SECURITIES AND EXCHANGE COMMISSION

Washington, DC 20549

 

 

 

FORM 8-K

 

 

 

CURRENT REPORT

Pursuant to Section 13 or 15(d) of the Securities Exchange Act of 1934 

Date of Report (Date of earliest event reported): March 18, 2022

 

 

 

INNOVIVA, INC.

(Exact Name of Registrant as Specified in its Charter)

 

 

 

Delaware 000-30319 94-3265960
(State or Other Jurisdiction of
Incorporation)
(Commission  File Number) (I.R.S. Employer Identification
Number)

 

1350 Old Bayshore Highway,
Suite 400

Burlingame, California 94010

(650) 238-9600

(Addresses, including zip code, and telephone numbers, including area code, of principal executive offices)

(Former name or former address, if changed since last report)

 

 

 

Check the appropriate box below if the Form 8-K filing is intended to simultaneously satisfy the filing obligation of the registrant under any of the following provisions (see General Instruction A.2. below): 

 

¨ Written communications pursuant to Rule 425 under the Securities Act (17 CFR 230.425)
¨ Soliciting material pursuant to Rule 14a-12 under the Exchange Act (17 CFR 240.14a-12)
¨ Pre-commencement communications pursuant to Rule 14d-2(b) under the Exchange Act (17 CFR 240.14d-2(b))
¨ Pre-commencement communications pursuant to Rule 13e-4(c) under the Exchange Act (17 CFR 240.13e-4(c))

 

Securities registered pursuant to Section 12(b) of the Act:

 

Title of each class   Trading Symbol(s)   Name of each exchange on which registered
Common Stock, par value $0.01 per share   INVA   The NASDAQ Global Select Market

 

Indicate by check mark whether the registrant is an emerging growth company as defined in Rule 405 of the Securities Act of 1933(§230.405 of this chapter) or Rule 12b-2 of the Securities Exchange Act of 1934 (§240.12b-2 of this chapter).

 

Emerging growth company ¨

 

If an emerging growth company, indicate by check mark if the registrant has elected not to use the extended transition period for complying with any new or revised financial accounting standards provided pursuant to Section 13(a) of the Exchange Act. ¨

 

 

 

 

 

Item 1.01 Entry into a Material Definitive Agreement

 

Issuance of Additional Convertible Notes

 

On March 18, 2022, Innoviva, Inc. (“Innoviva”) completed its offering of $36.0 million aggregate principal amount of its 2.125% convertible senior notes due 2028 (the “Additional Notes”).

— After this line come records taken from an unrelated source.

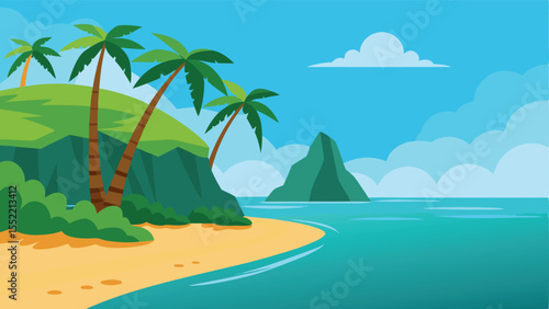 Tropical island scene with palm trees sandy beach and calm blue ocean scenery
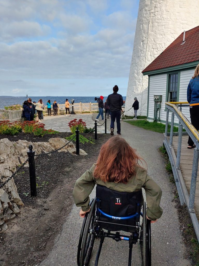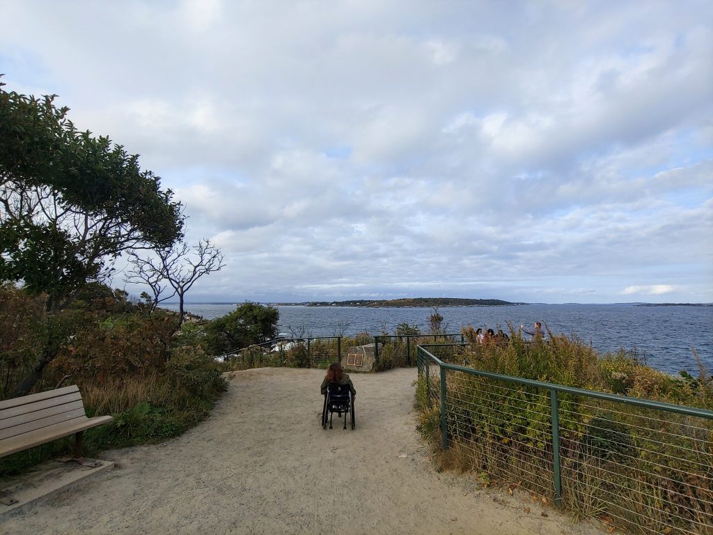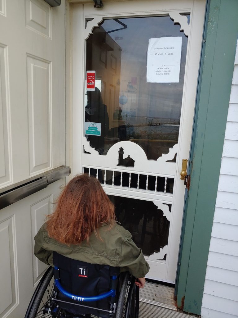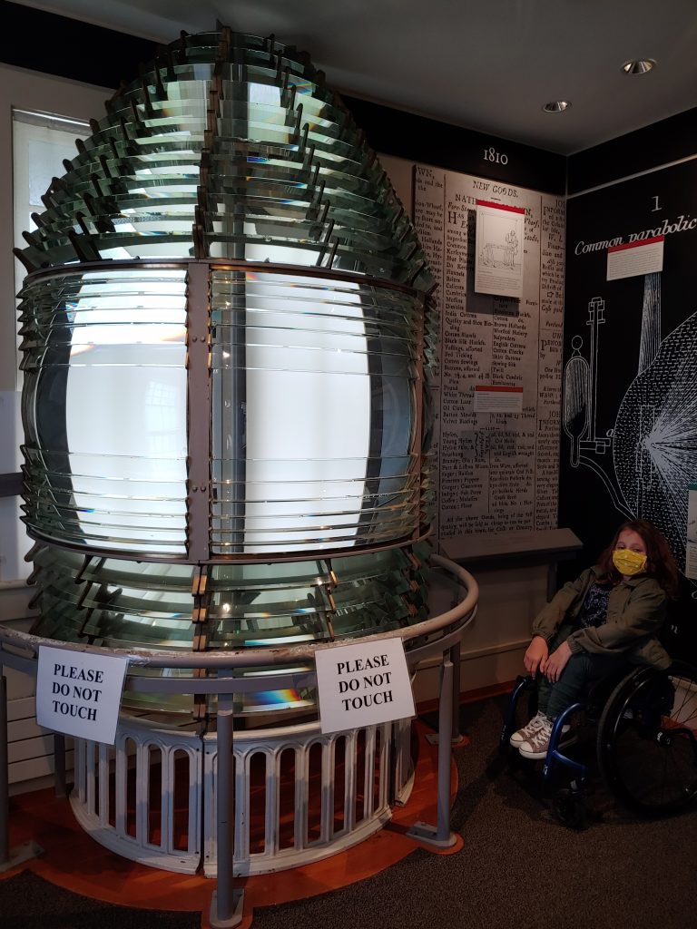 The museum was fully accessible and I had no problem rolling around and checking out the exhibits. Rolling around outside, the walkways to the museum and primary lighthouse viewing area are all paved so we had no trouble. For the other paths, which were hard-packed dirt, we used my Freewheel attachment. There were some inclines that I needed help with, but there was still plenty to see at this site even if you don’t have a traveling buddy to help.
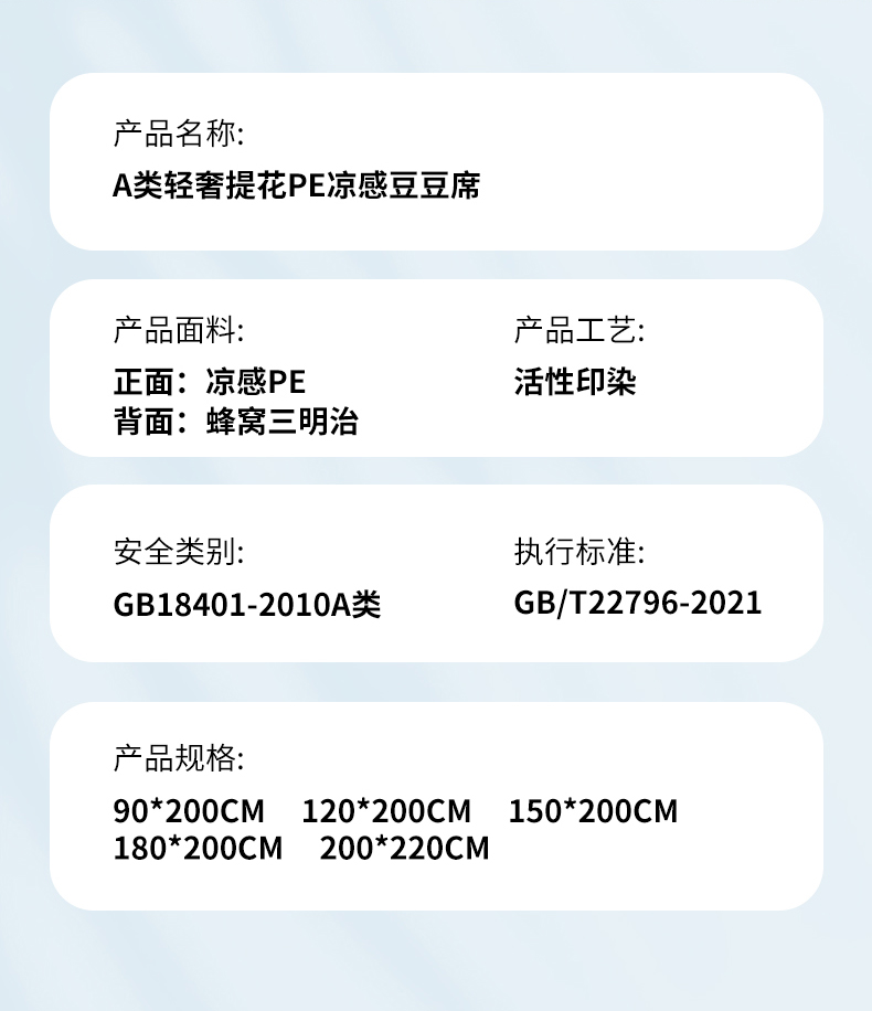 商品名称:(总)品乐家纺 2026新款A类乙伦PE轻奢提花学生宿舍软席凉豆豆床笠席
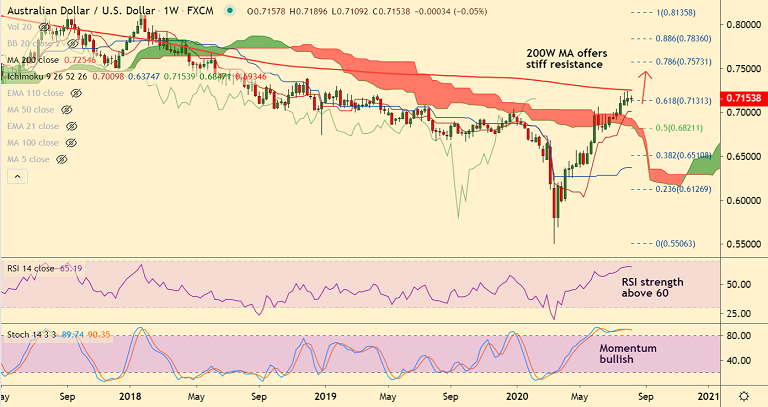 21-EMA is immediate support at 0.7121. Break below will see dip till 50-DMA at 0.7013.
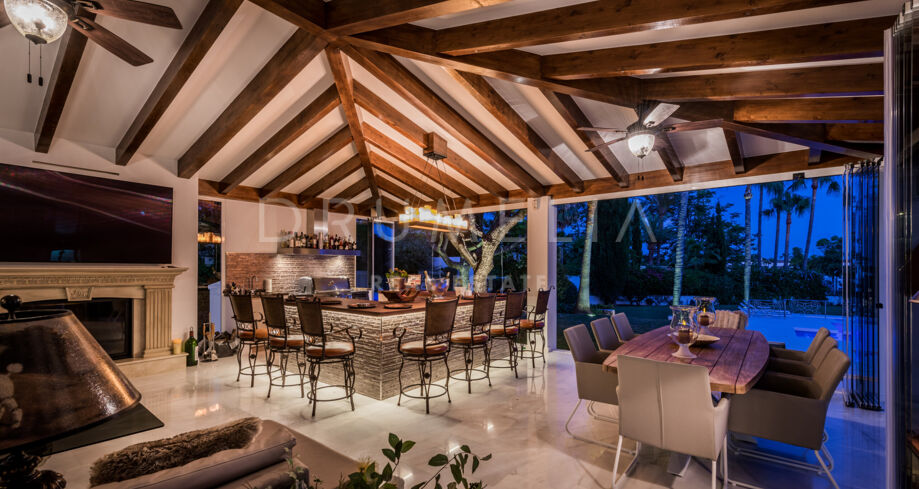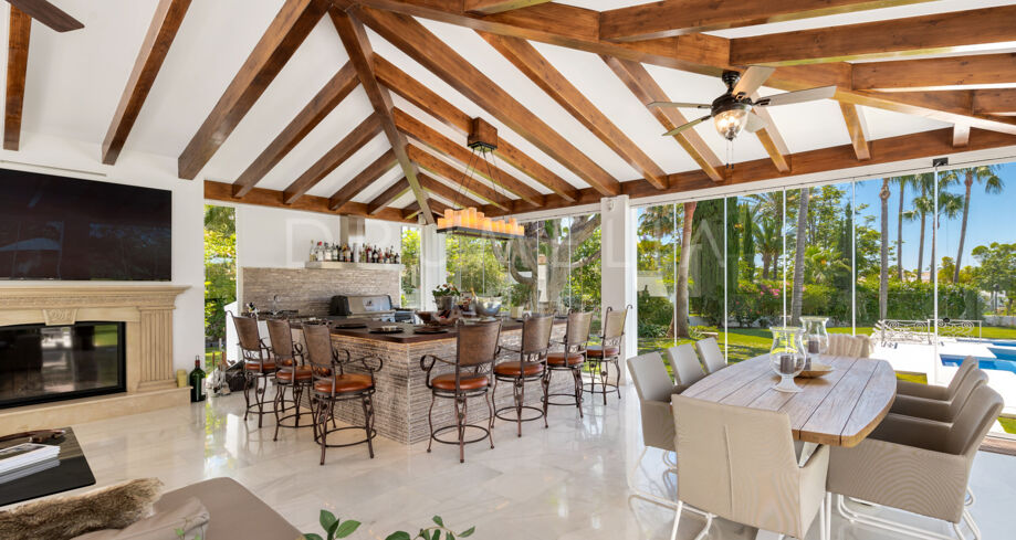 Le salon principal, décoré dans des tons doux, dispose d’un canapé courbé et d’une cheminée contemporaine qui apportent chaleur et raffinement. La salle à manger formelle et la cuisine moderne avec îlot central et coin petit-déjeuner s’ouvrent directement sur les terrasses. Un salon privé avec poutres apparentes, bar et cheminée en pierre se prolonge naturellement vers la piscine et le jardin, offrant un cadre parfait pour se détendre ou recevoir.
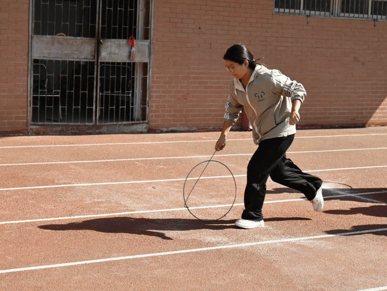 上午九时,滚铁环接力赛在东南跑道拉开帷幕。学院代表队于第三组登场。比赛过程中,首棒选手弯道转换时虽出现轻微偏离,但选手迅速调整铁钩角度,及时稳住方向,展现出良好的临场应变能力。最终,队伍以1分28秒的优异成绩完赛,位列总排名第四。
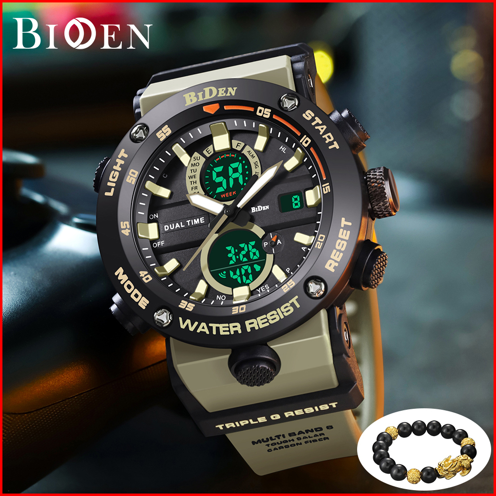 Biden Jam Tangan Pria Digital Analog Anti Air Original Olahraga Multifungsi Alarm Bercahaya Tali Silikon Jam Tangan Cowo
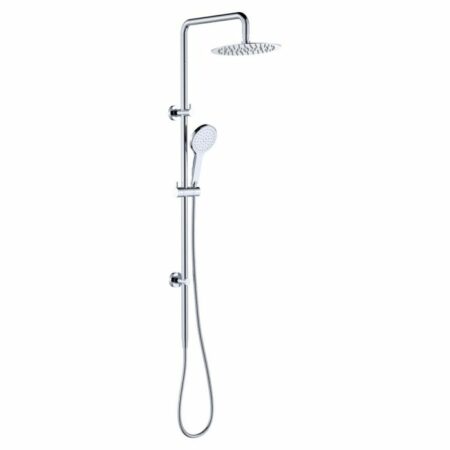 - Timeless cross handle design facilitating adjustable shower height along the rail

The Additional Notes were sold to Goldman Sachs & Co. LLC and Moelis & Company LLC (the “Initial Purchasers”) pursuant to the Initial Purchasers’ partial exercise of their option to purchase such notes, granted in connection with the previously disclosed offering of $225 million aggregate principal amount of Innoviva’s 2.125% convertible senior notes due 2028 (the “Initial Notes” and, together with the Additional Notes, the “Notes”), which closed on March 7, 2022. The Additional Notes have the same terms, and were issued under the same Indenture, dated as of March 7, 2022 (the “Indenture”), between the Company and The Bank of New York Mellon Trust Company, N.A., as trustee, as the Initial Notes, as described in the Company’s Current Report on Form 8-K filed with the Securities and Exchange Commission on March 8, 2022 (the “Initial Form 8-K”). The information set forth in the Initial Form 8-K is incorporated herein by reference.

 

The Additional Notes were sold in a private offering under a purchase agreement, dated as of March 2, 2022, entered into by and among Innoviva and the Initial Purchasers, for resale to qualified institutional buyers pursuant to Rule 144A under the Securities Act of 1933, as amended (the “Securities Act”).

 

The net proceeds from the sale of the Additional Notes were approximately $34.5 million after deducting the Initial Purchasers’ discounts and commissions and Innoviva’s estimated offering expenses and inclusive of accrued interest from the issue date of the Initial Notes. Innoviva used approximately $2.9 million of the net proceeds from the offering of the Additional Notes to fund the cost of entering into the capped call transactions described below, and expects to use the remaining net proceeds for general corporate purposes.

 

Additional Capped Call Confirmations

 

On March 18, 2022, in connection with the partial exercise by the Initial Purchasers of their option to purchase the Additional Notes described above, Innoviva entered into additional privately negotiated capped call transactions, on the same terms and with the same option counterparties as the capped call transactions entered into by Innoviva in connection with the Initial Notes. The cap price of the capped call transactions is initially $33.9850 per share, which represents approximately a 75.00% premium to the closing price of Innoviva’s common stock on March 2, 2022, and is subject to certain adjustments under the terms of the capped call transactions. The form of confirmation for the capped call transactions was attached as Exhibit 10.1 to the Initial Form 8-K and is incorporated herein by reference.

 

Item 2.03. Creation of a Direct Financial Obligation or an Obligation under an Off-Balance Sheet Arrangement of a Registrant.

 

The information required by this Item 2.03 relating to the Additional Notes and the Indenture is contained in Item 1.01 above and is incorporated herein by reference.

 

Item 3.02. Unregistered Sales of Equity Securities.

 

The information set forth under Item 1.01 of this Current Report on Form 8-K is incorporated herein by reference.

 

The Additional Notes were sold to the Initial Purchasers in reliance on the exemption from the registration requirements provided by Section 4(a)(2) of the Securities Act for resale to qualified institutional buyers pursuant to Rule 144A of the Securities Act. Innoviva does not intend to file a registration statement for the resale of the Additional Notes or any common stock issuable upon conversion of the Additional Notes.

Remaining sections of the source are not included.